Nothing in the data should change when you return it, but leave the pictures out.
Segment Open
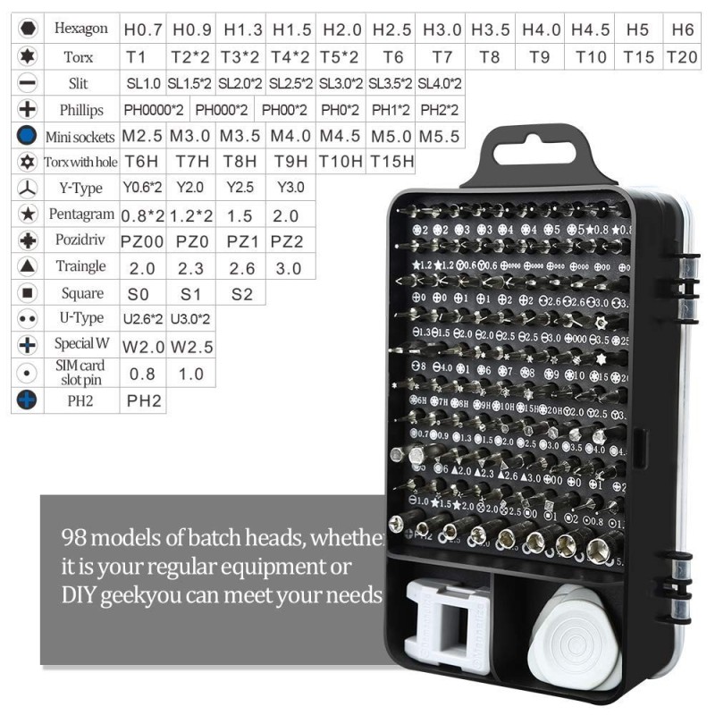 Комплект инструменти за ремонт на лаптопи и телефони с всички необходимо инструменти. Комплект прецизни отвертки с магнитни накрайници за широк спектър от приложения. Позволява ви сами да извършвате дребни сервизни ремонти. Обширен набор от прецизни инструменти - цели 115 елемента, 98 отвертки и много други инструменти за професионални ремонти.
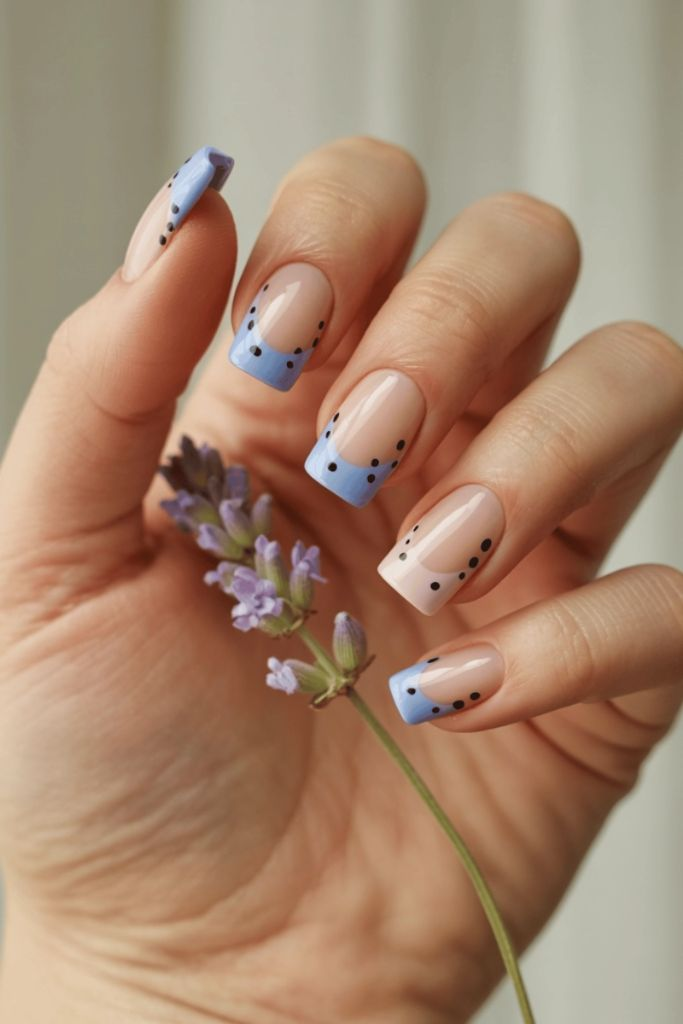 We’re ending on a playful note with this periwinkle polka dot French that feels like the nail equivalent of a sundress. The soft blue tips are cheerful on their own, but the tiny black dots scattered along and around the French line add a whimsical, hand-drawn quality that makes this look entirely unique. The short square shape keeps it practical, and the nude base ensures it doesn’t veer into costume territory. It’s spring floral french nails’ more abstract cousin — dotty, delightful, and full of personality.
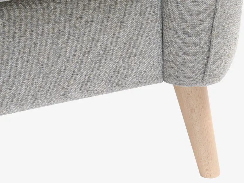 Stof. Zit en kussens van schuim. Poten van massief beuken. B94 x H82 x D84 cm
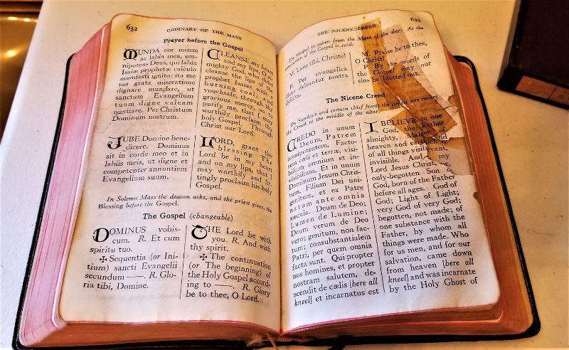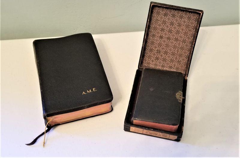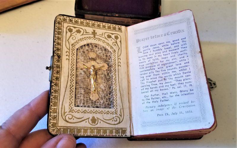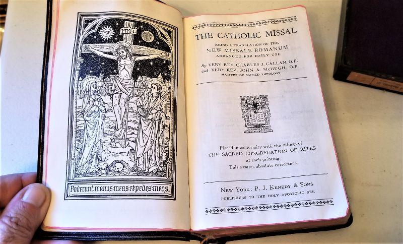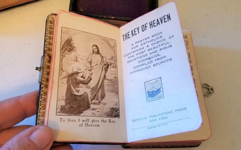 Moroccan Leather Catholic Missal - 1943 pre-Vatican II - initials AME on front, Latin/English, and a great Key of Heaven prayer book in the original box (1939). Prayer book has clasp closure - works fine. Note that the Missal has issues on one page (tear and tape).
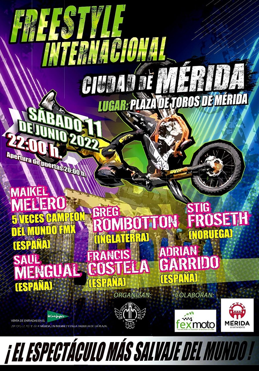 La Plaza de Toros de Mérida acogerá el próximo sábado, 11 de junio, a partir de las 22:00 horas, el Freestyle Internacional Ciudad de Mérida. Podrás disfrutar de las acrobacias de Maikel Melero (5 veces campeón del mundo FMX), Saul Mengual (España), Francis Costela, Greg Rombotton (Inglaterra), Stig Froseth (Noruega) y Adrián Garrido (España).
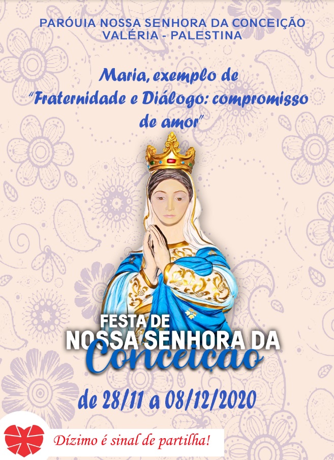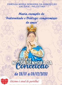 Com o tema “Maria, exemplo de ‘Fraternidade e Diálogo: compromisso de amor’”, a Paróquia Nossa Senhora da Conceição, localizada no bairro de Valéria, também realiza o novenário em preparação à Festa da Padroeira, de 29 de novembro a 7 de dezembro, sempre às 19h, com exceção dos dias 29 e 6, quando os devotos se reúnem às 18h. Na véspera da abertura do novenário, portanto dia 28 de novembro, haverá o traslado da imagem da Mãe de Jesus, que será conduzida da Igreja Matriz até o Centro de Evangelização Sagrada Família (CESF), após a Missa das 18h30.
Segment Closed
## Output of the exercise
 Комплект инструменти за ремонт на лаптопи и телефони с всички необходимо инструменти. Комплект прецизни отвертки с магнитни накрайници за широк спектър от приложения. Позволява ви сами да извършвате дребни сервизни ремонти. Обширен набор от прецизни инструменти - цели 115 елемента, 98 отвертки и много други инструменти за професионални ремонти.
 We’re ending on a playful note with this periwinkle polka dot French that feels like the nail equivalent of a sundress. The soft blue tips are cheerful on their own, but the tiny black dots scattered along and around the French line add a whimsical, hand-drawn quality that makes this look entirely unique. The short square shape keeps it practical, and the nude base ensures it doesn’t veer into costume territory. It’s spring floral french nails’ more abstract cousin — dotty, delightful, and full of personality.
 Stof. Zit en kussens van schuim. Poten van massief beuken. B94 x H82 x D84 cm
 Moroccan Leather Catholic Missal - 1943 pre-Vatican II - initials AME on front, Latin/English, and a great Key of Heaven prayer book in the original box (1939). Prayer book has clasp closure - works fine. Note that the Missal has issues on one page (tear and tape).
 La Plaza de Toros de Mérida acogerá el próximo sábado, 11 de junio, a partir de las 22:00 horas, el Freestyle Internacional Ciudad de Mérida. Podrás disfrutar de las acrobacias de Maikel Melero (5 veces campeón del mundo FMX), Saul Mengual (España), Francis Costela, Greg Rombotton (Inglaterra), Stig Froseth (Noruega) y Adrián Garrido (España).
 Com o tema “Maria, exemplo de ‘Fraternidade e Diálogo: compromisso de amor’”, a Paróquia Nossa Senhora da Conceição, localizada no bairro de Valéria, também realiza o novenário em preparação à Festa da Padroeira, de 29 de novembro a 7 de dezembro, sempre às 19h, com exceção dos dias 29 e 6, quando os devotos se reúnem às 18h. Na véspera da abertura do novenário, portanto dia 28 de novembro, haverá o traslado da imagem da Mãe de Jesus, que será conduzida da Igreja Matriz até o Centro de Evangelização Sagrada Família (CESF), após a Missa das 18h30.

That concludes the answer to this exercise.